ESE makes science relevant and memorable by helping people understand what they see outside, an approach we call backyard earth science. We teach teachers how to observe familiar landforms and ask questions about them. We teach the rock cycle as a story using rocks teachers collect from Little Cottonwood Creek. We discuss climate change using evidence of Ice Age Lake Bonneville. We encourage teachers to embrace uncertainty and value good questions. ESE’s special niche is that we give teachers, and others, confidence as well as competence to teach earth science principles, hands-on, outdoors, right in their neighborhoods.
We (a) teach courses and (b) develop resource materials. Please click on our Courses menu item above to learn more about these valuable convenings. Resource materials are hard copy note books for teacher-participants in our summer in-services. Eventually these notebooks will become web resources written for teachers but useful to others, such as scout leaders and parents.

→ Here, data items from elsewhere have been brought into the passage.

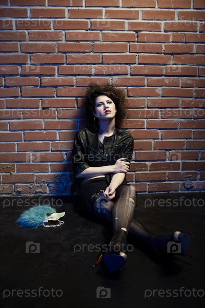 Девушка легкого поведения сидит на полу возле кирпичной стены
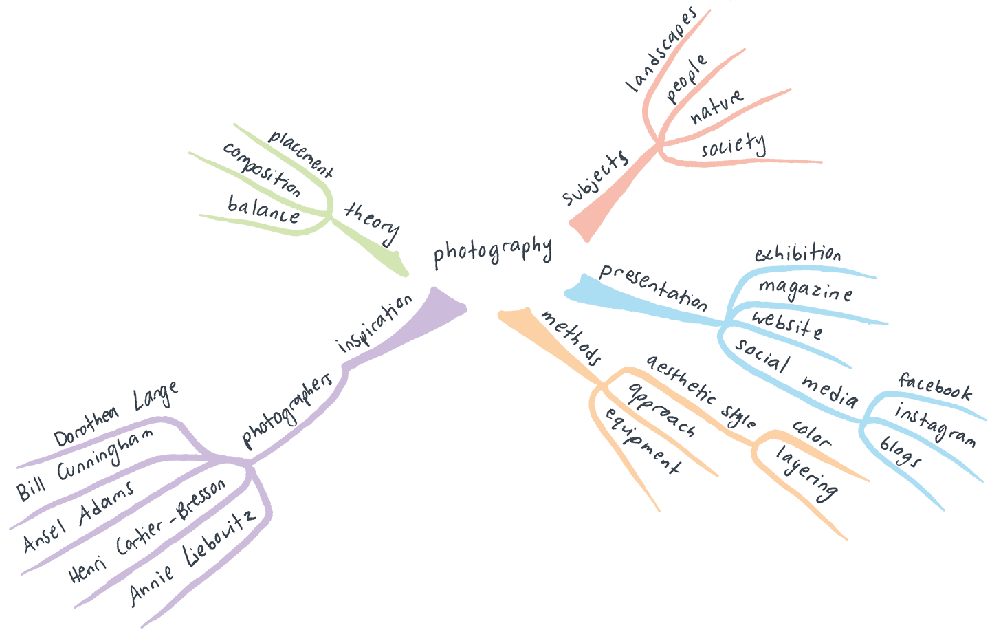 Mind Mapping is a technique that produces ideas by association and has been my go-to method for a while. I use it to map out my thoughts whenever I approach a project or when I need to confirm the logic or steps of something. Tony Buzan popularised the mind mapping technique back in 1974 and introduced his readers to mind maps.
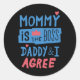 Pegatina Redonda Mommy is the boss Daddy and I agree
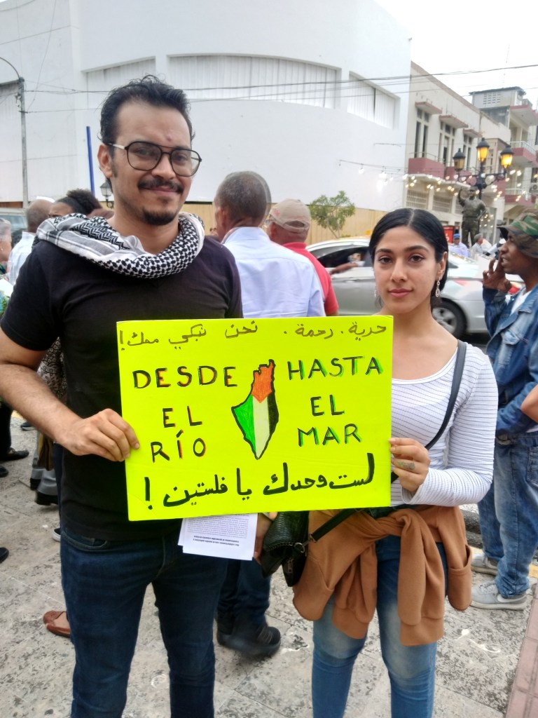 Convocados bajo la consigna «Solidaridad Dominicana con Palestina», integrantes de varias organizaciones, entre ellas el Frente Amplio, PCT, MRS, MST, la Coordinadora Popular Nacional, Alianza País y OD, así como jóvenes independientes, corearon consignas como «Israel asesino, mata niños palestinos», «Gaza resiste, Palestina existe» y «Viva Palestina libre». Al caer la noche, se encendieron velas en homenaje a las miles de vícimas palestinas del fascismo israelí.
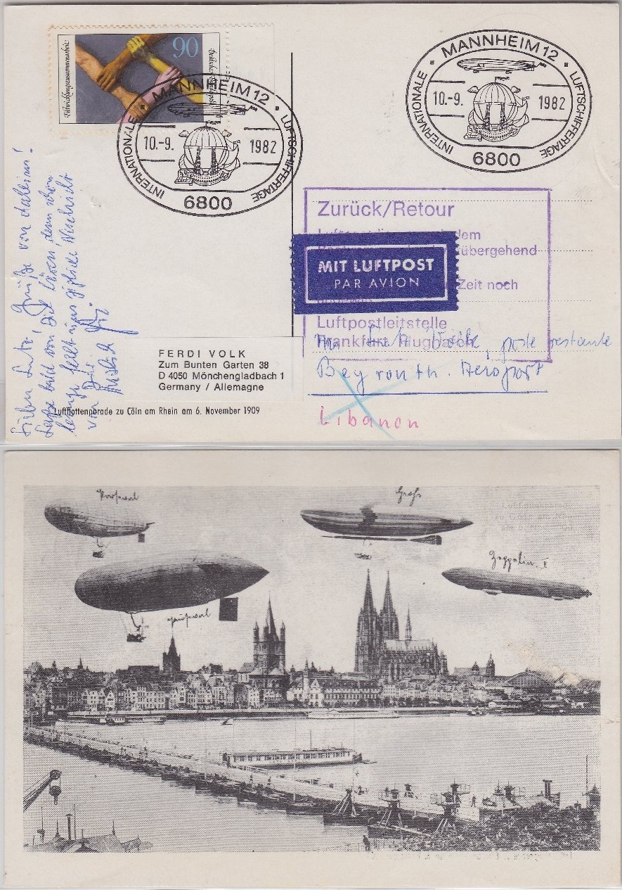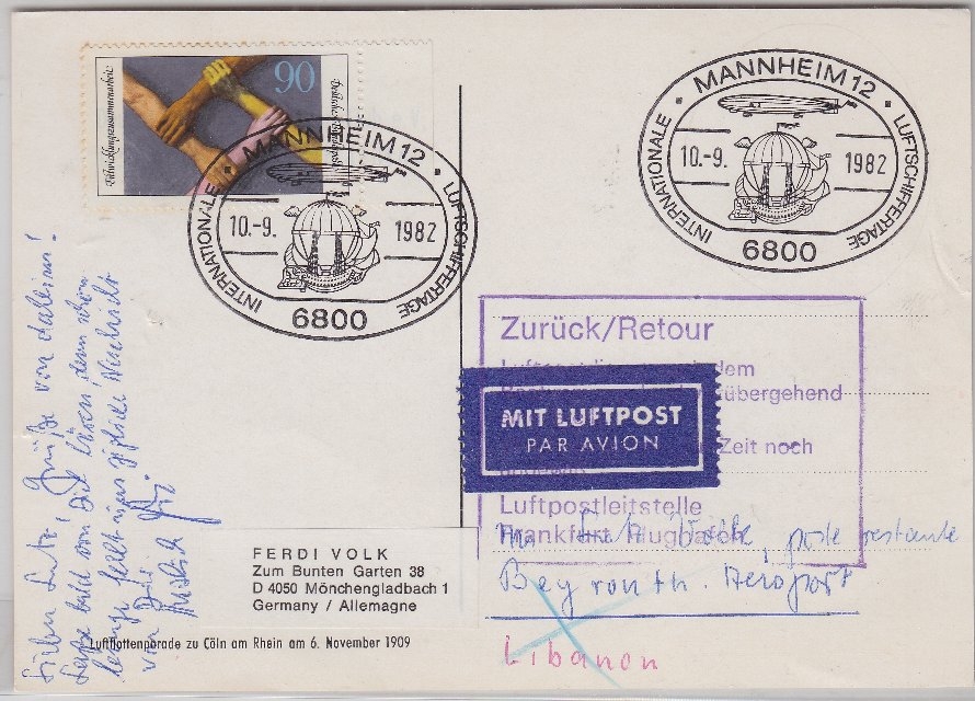 BRD/Postsperre - Karte n. LIBANON SST Mannheim Luftschiffertage - Beyrouth 1982

We focus our efforts. Our target audience is teachers, specifically Utah elementary teachers. Why? We are told that elementary teachers turn young people on or off to science. Many elementary teachers are women who role model that they “can’t do” science. However, most teachers are good story tellers. Most are interested in their neighborhoods, and in their students’ environment. We teach teachers how to use local geology to teach students about their rocks, their landscapes, their hazards, their resources, in short, their Earth system. We discourage memorization and rote vocabulary and encourage questions and stories. When a teacher tells an accurate story about a rock’s history, she teaches science. We have found that elementary school teachers are more likely to turn students on to science when they, themselves, are confident as well as competent in telling the history of our valley, the story of Great Salt Lake , the journey of a rock along the rock cycle.